** What is being asked **
Below are records with pictures; copy word for word only the lines between the line with "RAVENOL Formel Diesel" and the line with "blistex碧唇小蓝罐瓶润唇膏唇膜女保湿 滋润补水去死皮淡化唇纹男", inclusive, and drop the pictures.

** Data for review **
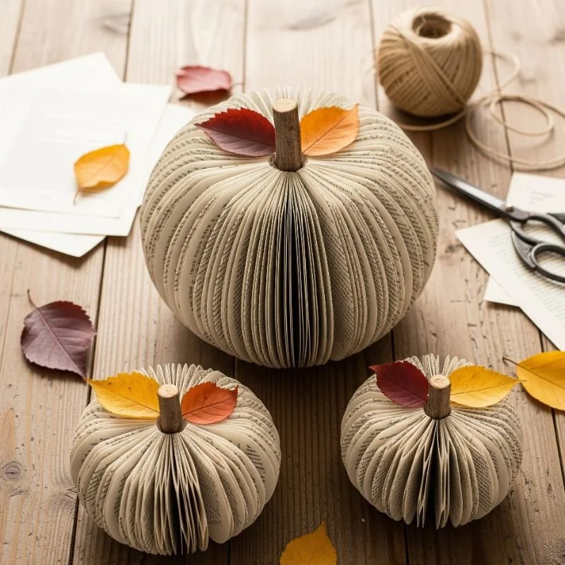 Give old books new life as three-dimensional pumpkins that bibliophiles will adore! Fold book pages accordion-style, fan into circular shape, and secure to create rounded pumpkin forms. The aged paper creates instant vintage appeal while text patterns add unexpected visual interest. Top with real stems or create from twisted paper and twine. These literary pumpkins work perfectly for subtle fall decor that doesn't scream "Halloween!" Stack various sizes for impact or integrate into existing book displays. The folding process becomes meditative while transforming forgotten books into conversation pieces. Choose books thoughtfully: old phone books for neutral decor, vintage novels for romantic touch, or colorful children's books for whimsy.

* * *

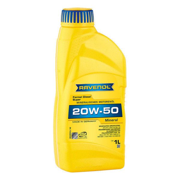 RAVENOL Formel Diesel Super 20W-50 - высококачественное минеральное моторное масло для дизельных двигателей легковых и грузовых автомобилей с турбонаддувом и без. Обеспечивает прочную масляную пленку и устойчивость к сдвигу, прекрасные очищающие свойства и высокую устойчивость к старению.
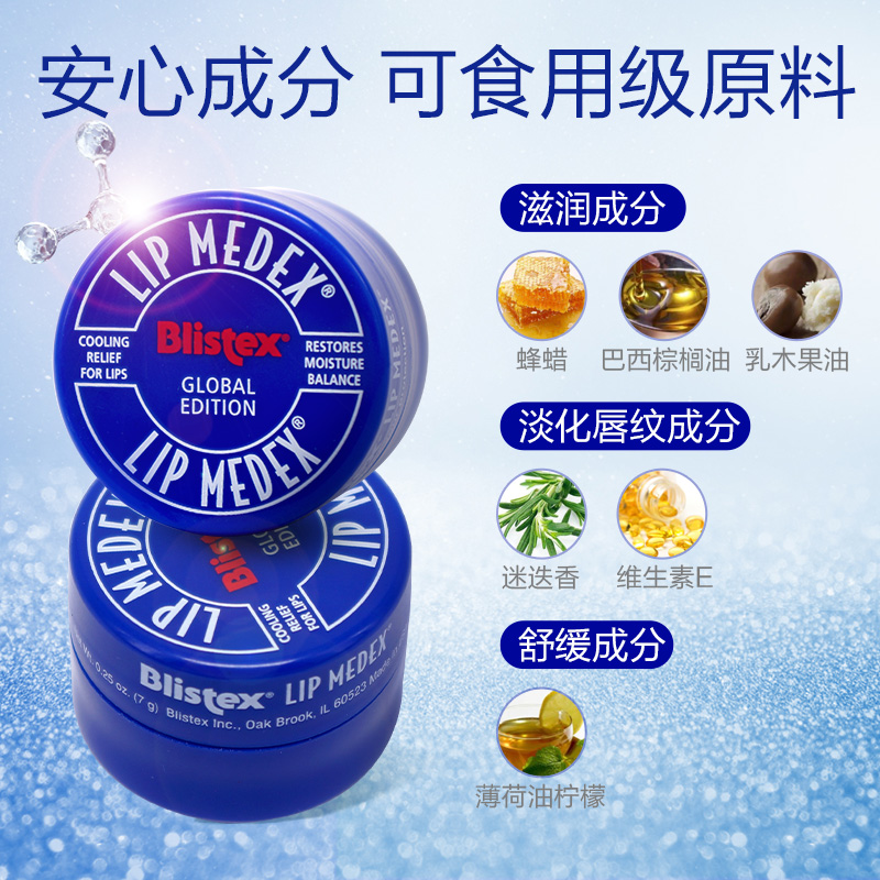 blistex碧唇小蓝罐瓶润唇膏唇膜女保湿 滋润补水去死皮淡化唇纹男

...

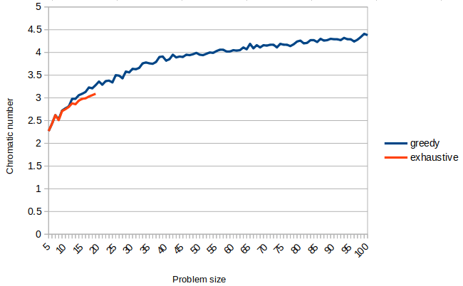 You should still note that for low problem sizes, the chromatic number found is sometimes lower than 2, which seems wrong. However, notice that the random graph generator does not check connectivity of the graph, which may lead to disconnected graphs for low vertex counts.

** Output **
 RAVENOL Formel Diesel Super 20W-50 - высококачественное минеральное моторное масло для дизельных двигателей легковых и грузовых автомобилей с турбонаддувом и без. Обеспечивает прочную масляную пленку и устойчивость к сдвигу, прекрасные очищающие свойства и высокую устойчивость к старению.
 blistex碧唇小蓝罐瓶润唇膏唇膜女保湿 滋润补水去死皮淡化唇纹男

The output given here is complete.